You don’t have to think about this system for very long, however, before some serious problems present themselves. If God only judges us during 10 days out of the year, why do we pray to him on the other 355 days? It would be pointless, it seems, for a sick person to pray to God for healing, if God had already decided whether that person would live or die the previous Yom Kippur. By the same logic, if God seals our judgment for the coming year on Yom Kippur, does that mean that repentance subsequent to Yom Kippur is useless? And if I commit a sin in March and die in April, does that mean I am not being punished for the sin I just committed, but for the previous year’s worth of sins, which God had judged me for last September?
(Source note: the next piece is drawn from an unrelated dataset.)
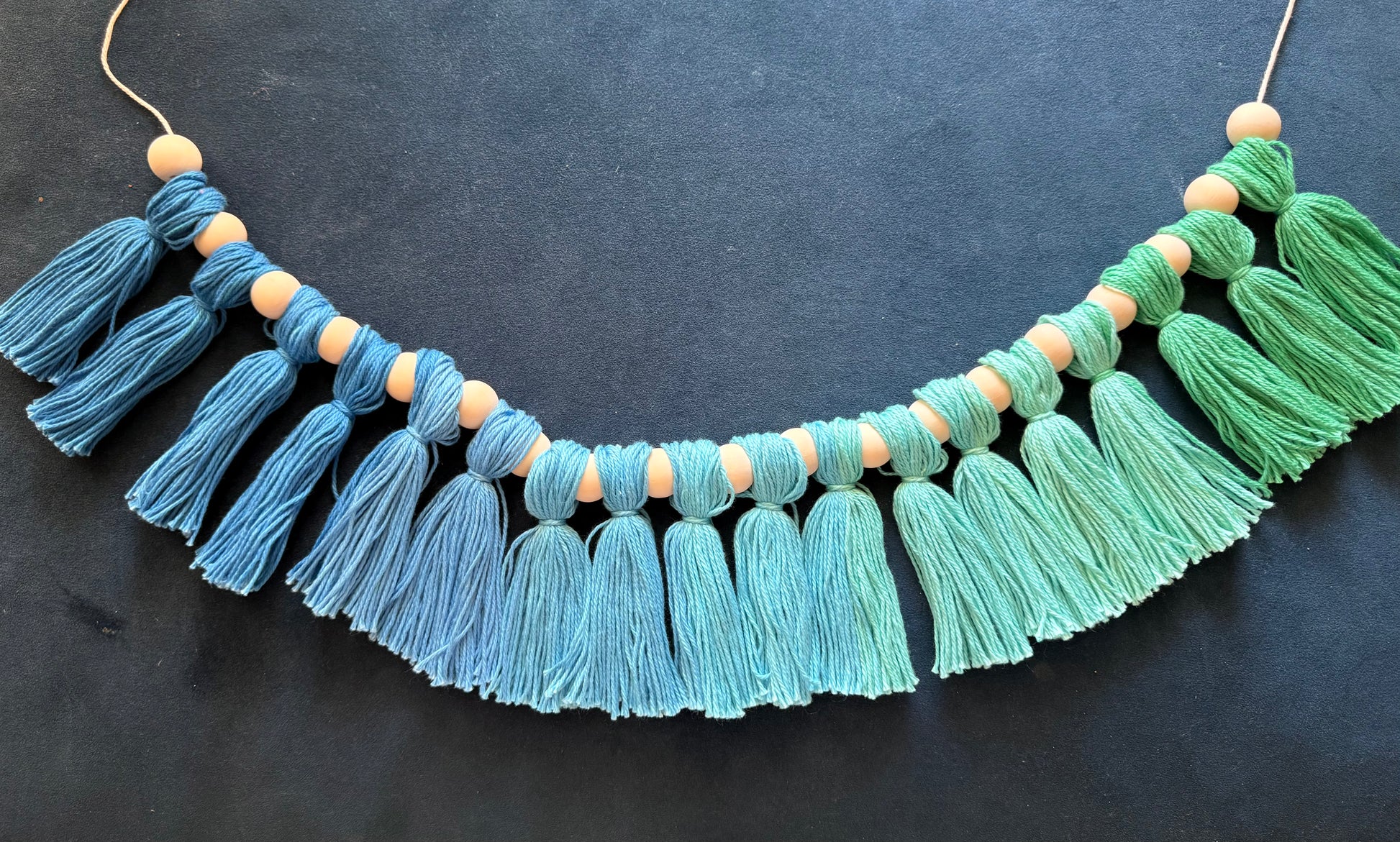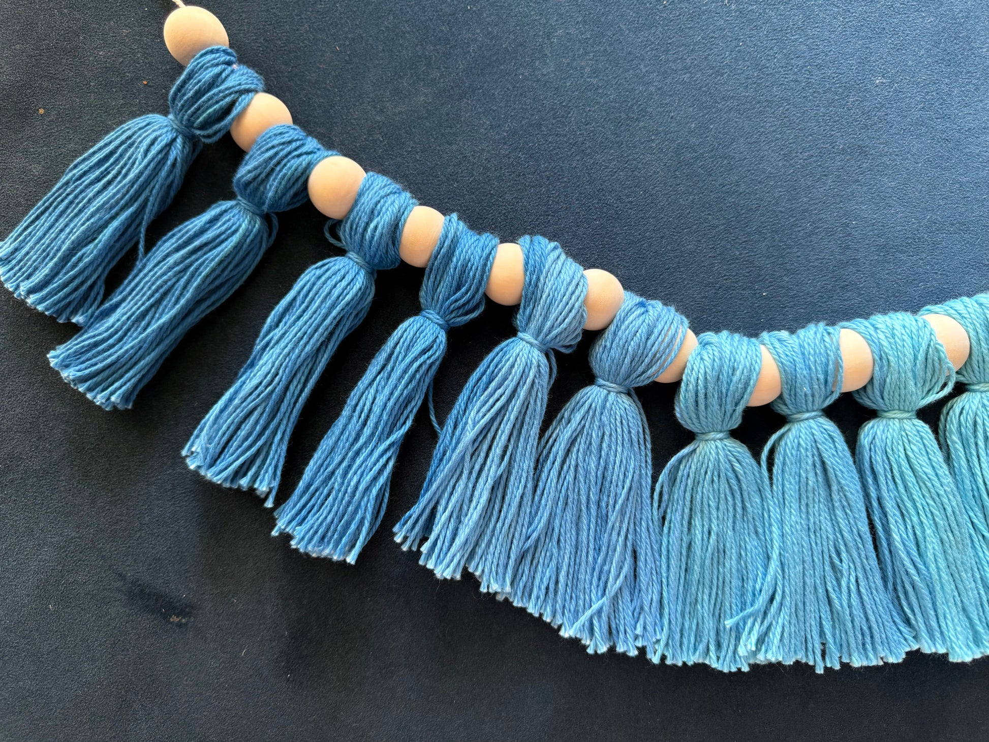 Garland of blue and green ombre tassels —a colorful and cute garland to add to any space. Garlands are around 3.5ft long on cotton twine, which can be adjusted /trimmed as needed or wanted.

If so, do we ever get punished for the sins we commit in the last year of our life?
It is thanks to considerations like these that the rabbis begin to back away from the whole Days of Awe concept almost as soon as they establish it. “All are judged on Rosh Hashanah and their sentence is sealed on Yom Kippur,” Rabbi Meir says. But Rabbi Yosei says, “A person is judged every day,” and Rabbi Natan goes even further, holding that “a person is judged every hour.” Immediate judgment is more emotionally and morally satisfying than once-a-year judgment, and it does away with some of the latter’s paradoxical results.
Rabbi Yitzhak offers another revision to the standard theory when he introduces the idea that, while God does issue sentences on Yom Kippur, he can be induced to cancel them later. “A person’s sentence is torn up on account of four types of actions,” he explains. Three of these actions are just what we would expect: Giving charity, praying, and changing one’s behavior can all induce God to give us a second chance. But surprisingly, Yitzchak also believes that changing your name can also alter your fate; and others add changing your place of residence. This seems almost like trying to trick God, as if he—or, perhaps, the Angel of Death—wouldn’t be able to figure out where you were if you left town or adopted an alias. If there is a element of superstition here, however, the Gemara also offers sound biblical precedents. After all, Sarai was able to conceive a child after she changed her name to Sarah, and Abraham was not made a great nation until he left the land of his birth.
Later, however, a baraita is cited that seems to dispute Rabbi Yitzchak’s theory of repentance. “If one repents between Rosh Hashanah and Yom Kippur, he is forgiven; if he does not repent … then even if he later brings as offerings all the rams … in the world, they do not forgive him.” How can we reconcile this strict line with Yitzchak’s more lenient one? “This is not difficult,” the rabbis decide. For an individual, the sentence issued on Yom Kippur is indeed irrevocable; but for a whole community, even late repentance can induce God to change his mind.
Finally, on Rosh Hashanah 17b, the rabbis make clear that asking God for forgiveness is not always enough; if you have wronged another person, you must seek that person’s forgiveness as well. Rabbi Yosei explains this point with a parable about a man who borrows one hundred dinars from a friend and takes an oath by the life of the king that he will repay the money. When the time comes and he defaults on the debt, he begs the king for forgiveness for breaking an oath made in the royal name. “For my insult I forgive you,” the king replies, “but you must still go and appease your friend.” Even sincere prayer, the Talmud insists, is no substitute for ethical behavior.